**Entries provided**
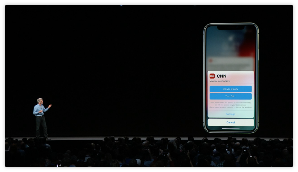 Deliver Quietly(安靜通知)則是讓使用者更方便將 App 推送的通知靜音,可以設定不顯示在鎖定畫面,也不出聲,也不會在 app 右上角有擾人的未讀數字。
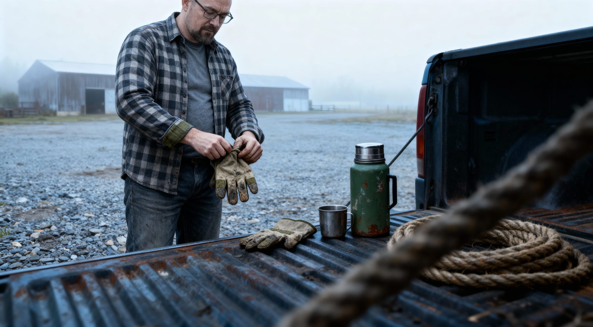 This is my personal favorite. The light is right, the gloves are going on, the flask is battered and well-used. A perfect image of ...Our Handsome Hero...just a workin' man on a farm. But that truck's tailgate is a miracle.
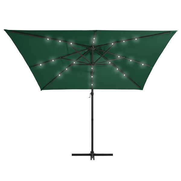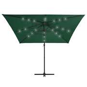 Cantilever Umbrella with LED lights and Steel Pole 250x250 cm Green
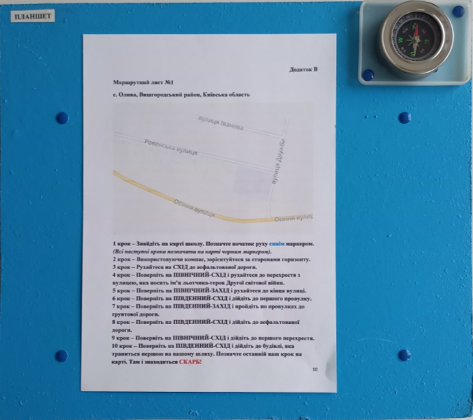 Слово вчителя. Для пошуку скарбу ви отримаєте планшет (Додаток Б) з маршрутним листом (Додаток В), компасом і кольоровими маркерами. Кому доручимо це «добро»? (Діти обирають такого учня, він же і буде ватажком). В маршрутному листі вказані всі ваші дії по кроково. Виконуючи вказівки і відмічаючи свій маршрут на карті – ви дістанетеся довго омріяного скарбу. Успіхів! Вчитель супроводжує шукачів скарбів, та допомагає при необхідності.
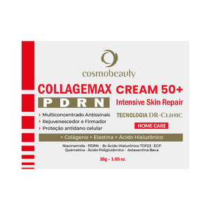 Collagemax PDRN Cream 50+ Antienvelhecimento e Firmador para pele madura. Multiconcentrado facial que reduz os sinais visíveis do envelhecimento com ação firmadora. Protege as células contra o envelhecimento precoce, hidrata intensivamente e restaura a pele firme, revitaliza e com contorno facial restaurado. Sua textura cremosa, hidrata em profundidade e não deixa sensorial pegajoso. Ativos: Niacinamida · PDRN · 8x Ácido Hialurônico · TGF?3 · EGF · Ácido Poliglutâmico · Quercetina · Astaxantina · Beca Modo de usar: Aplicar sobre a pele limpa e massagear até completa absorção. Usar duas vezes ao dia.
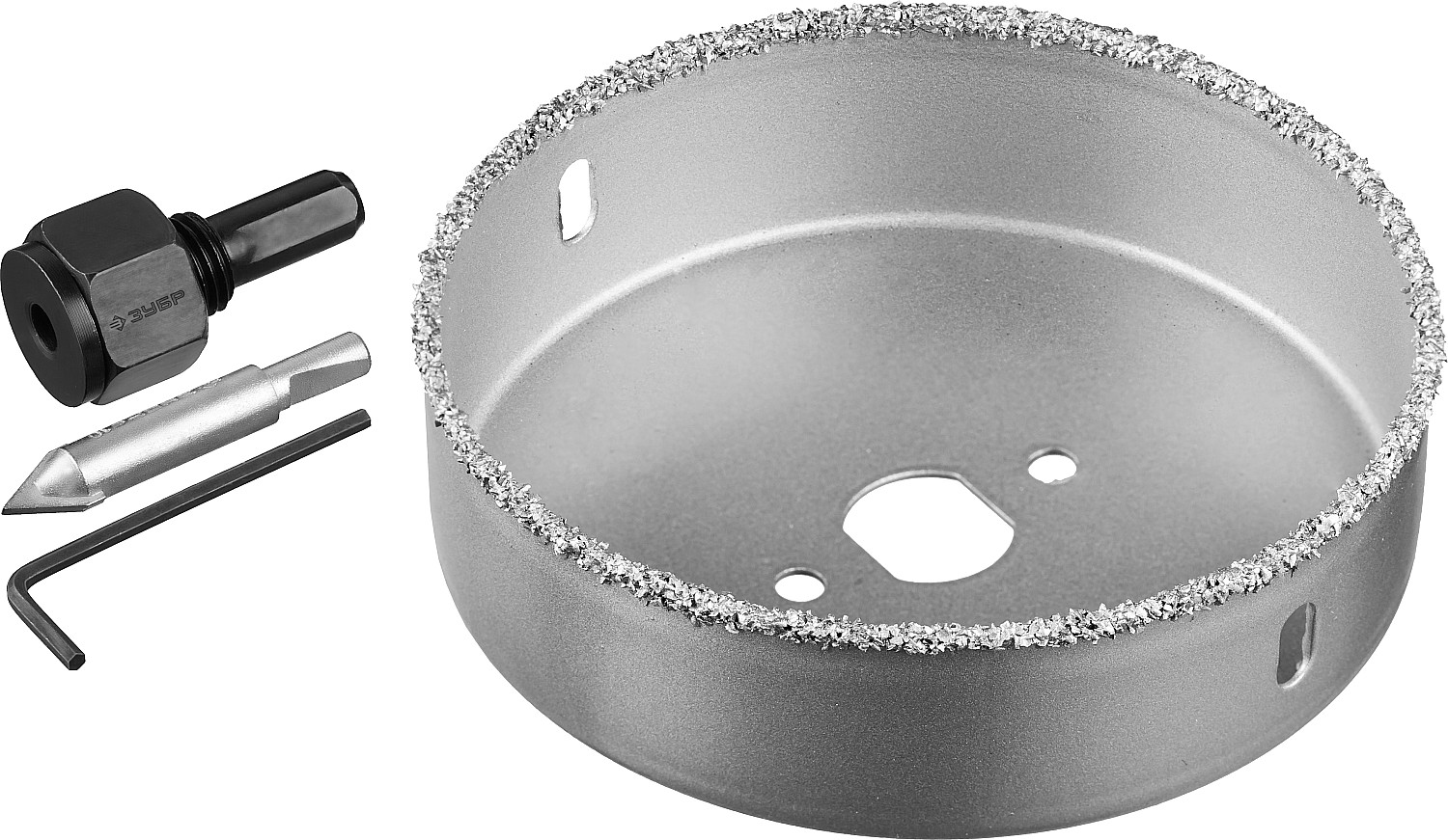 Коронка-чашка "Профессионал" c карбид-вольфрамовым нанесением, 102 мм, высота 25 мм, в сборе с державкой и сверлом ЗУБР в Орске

...

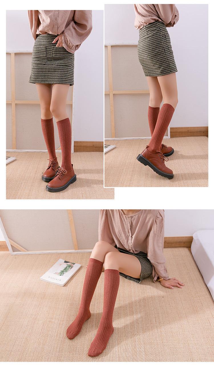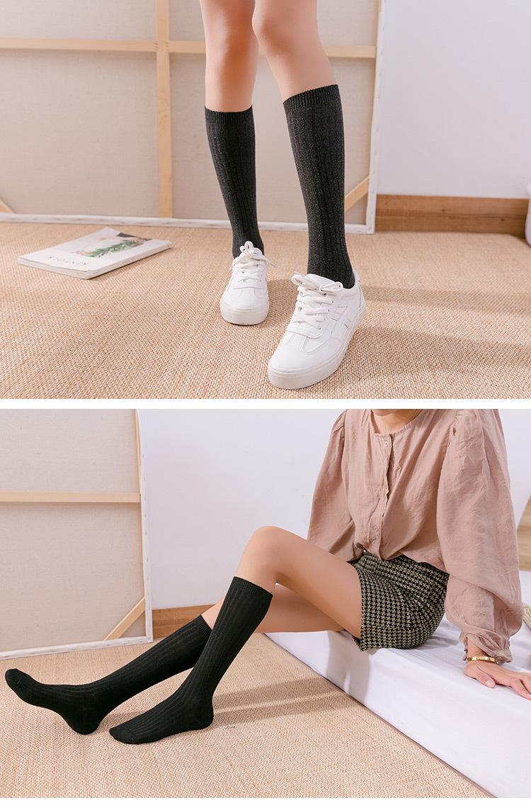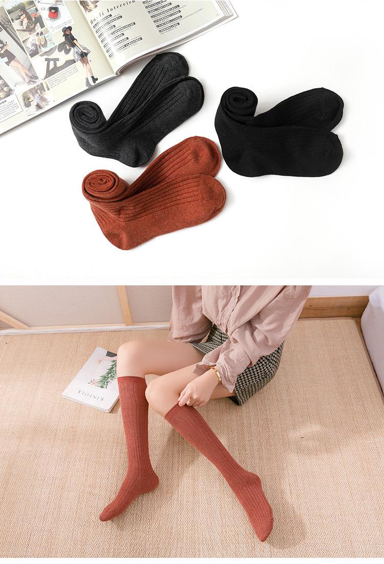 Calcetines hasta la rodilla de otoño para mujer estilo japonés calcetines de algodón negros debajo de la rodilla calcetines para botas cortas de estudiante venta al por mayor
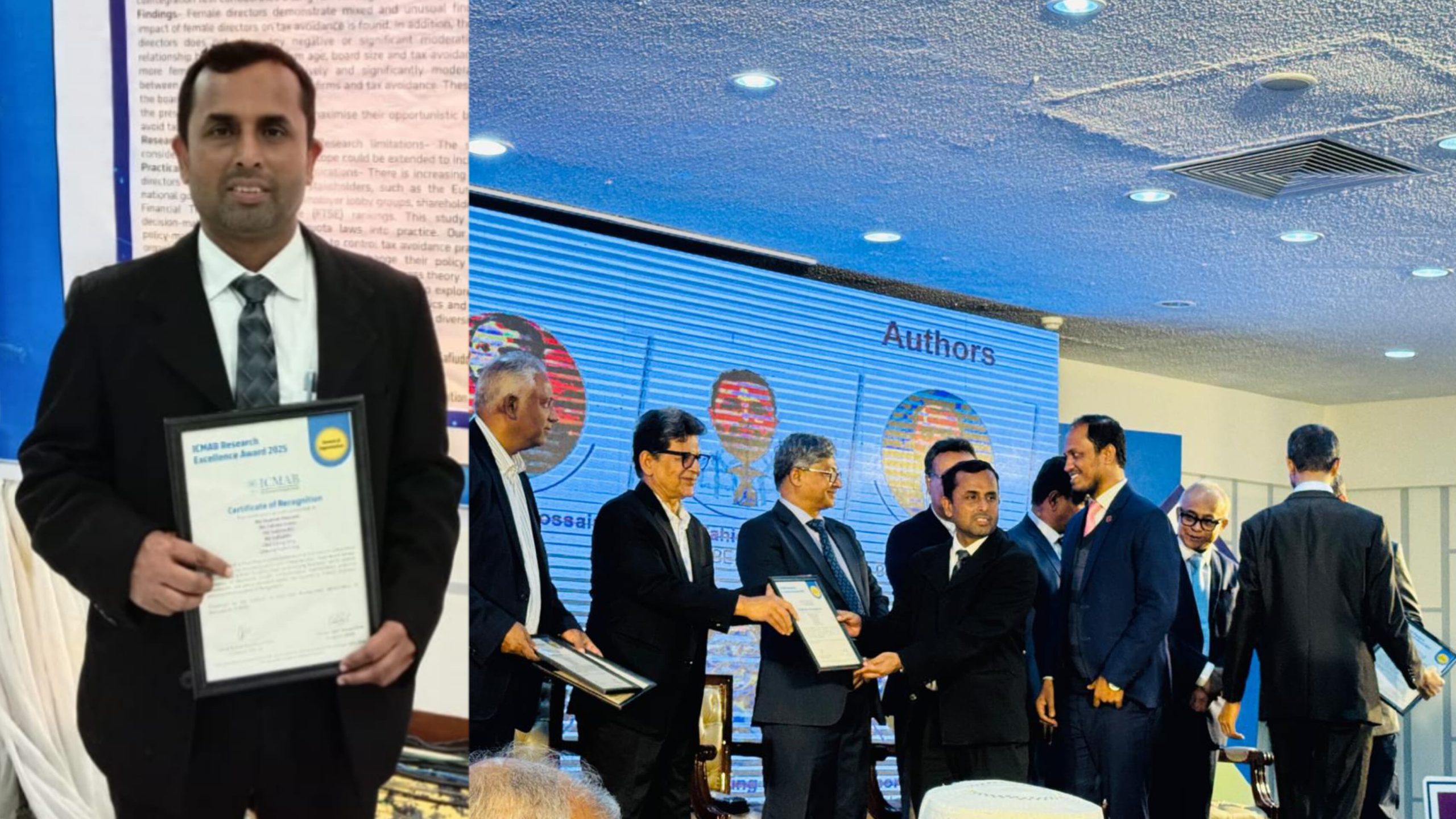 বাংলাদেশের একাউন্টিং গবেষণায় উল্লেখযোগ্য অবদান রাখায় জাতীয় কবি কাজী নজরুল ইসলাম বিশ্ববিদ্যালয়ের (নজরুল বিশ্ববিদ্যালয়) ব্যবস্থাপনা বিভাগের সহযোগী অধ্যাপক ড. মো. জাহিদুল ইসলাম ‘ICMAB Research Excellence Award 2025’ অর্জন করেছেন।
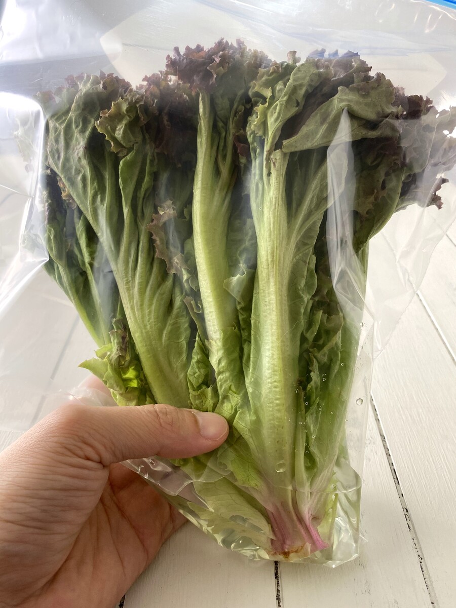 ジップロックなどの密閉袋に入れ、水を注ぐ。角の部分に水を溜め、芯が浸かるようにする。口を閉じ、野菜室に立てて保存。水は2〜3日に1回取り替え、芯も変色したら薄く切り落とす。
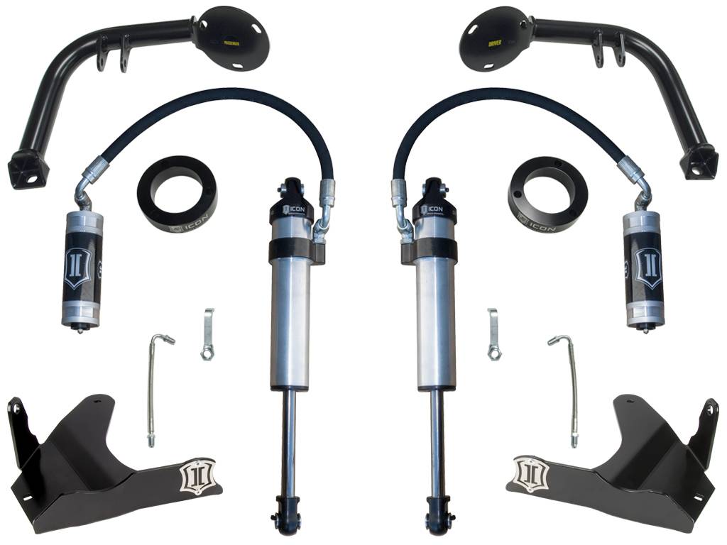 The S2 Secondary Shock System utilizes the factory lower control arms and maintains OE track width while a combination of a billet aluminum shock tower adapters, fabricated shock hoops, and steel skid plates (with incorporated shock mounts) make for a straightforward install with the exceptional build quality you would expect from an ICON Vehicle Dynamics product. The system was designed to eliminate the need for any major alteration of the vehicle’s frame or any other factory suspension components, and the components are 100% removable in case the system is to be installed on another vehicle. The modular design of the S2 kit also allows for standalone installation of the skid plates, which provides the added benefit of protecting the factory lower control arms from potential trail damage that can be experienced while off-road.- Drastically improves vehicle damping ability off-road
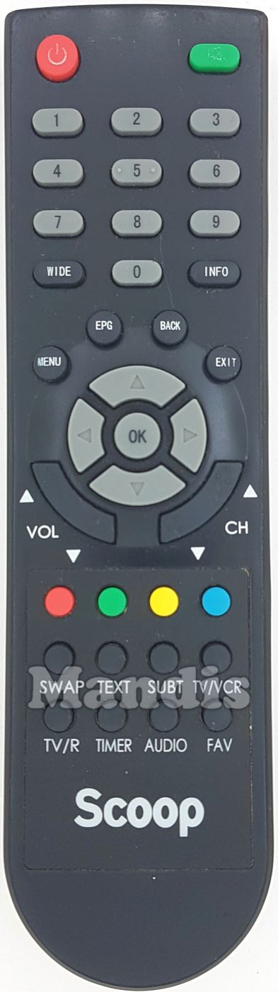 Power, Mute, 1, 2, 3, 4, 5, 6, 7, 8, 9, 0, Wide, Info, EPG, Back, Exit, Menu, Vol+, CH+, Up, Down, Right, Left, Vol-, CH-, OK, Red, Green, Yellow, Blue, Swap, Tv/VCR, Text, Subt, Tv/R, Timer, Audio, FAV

**Problem to work on**
Beginning with the line above that has "This is my personal" and going on through the line that has "Слово вчителя. Для", retype every line exactly and add nothing else; drop the pictures.

**Solution for this problem**
 This is my personal favorite. The light is right, the gloves are going on, the flask is battered and well-used. A perfect image of ...Our Handsome Hero...just a workin' man on a farm. But that truck's tailgate is a miracle.
 Cantilever Umbrella with LED lights and Steel Pole 250x250 cm Green
 Слово вчителя. Для пошуку скарбу ви отримаєте планшет (Додаток Б) з маршрутним листом (Додаток В), компасом і кольоровими маркерами. Кому доручимо це «добро»? (Діти обирають такого учня, він же і буде ватажком). В маршрутному листі вказані всі ваші дії по кроково. Виконуючи вказівки і відмічаючи свій маршрут на карті – ви дістанетеся довго омріяного скарбу. Успіхів! Вчитель супроводжує шукачів скарбів, та допомагає при необхідності.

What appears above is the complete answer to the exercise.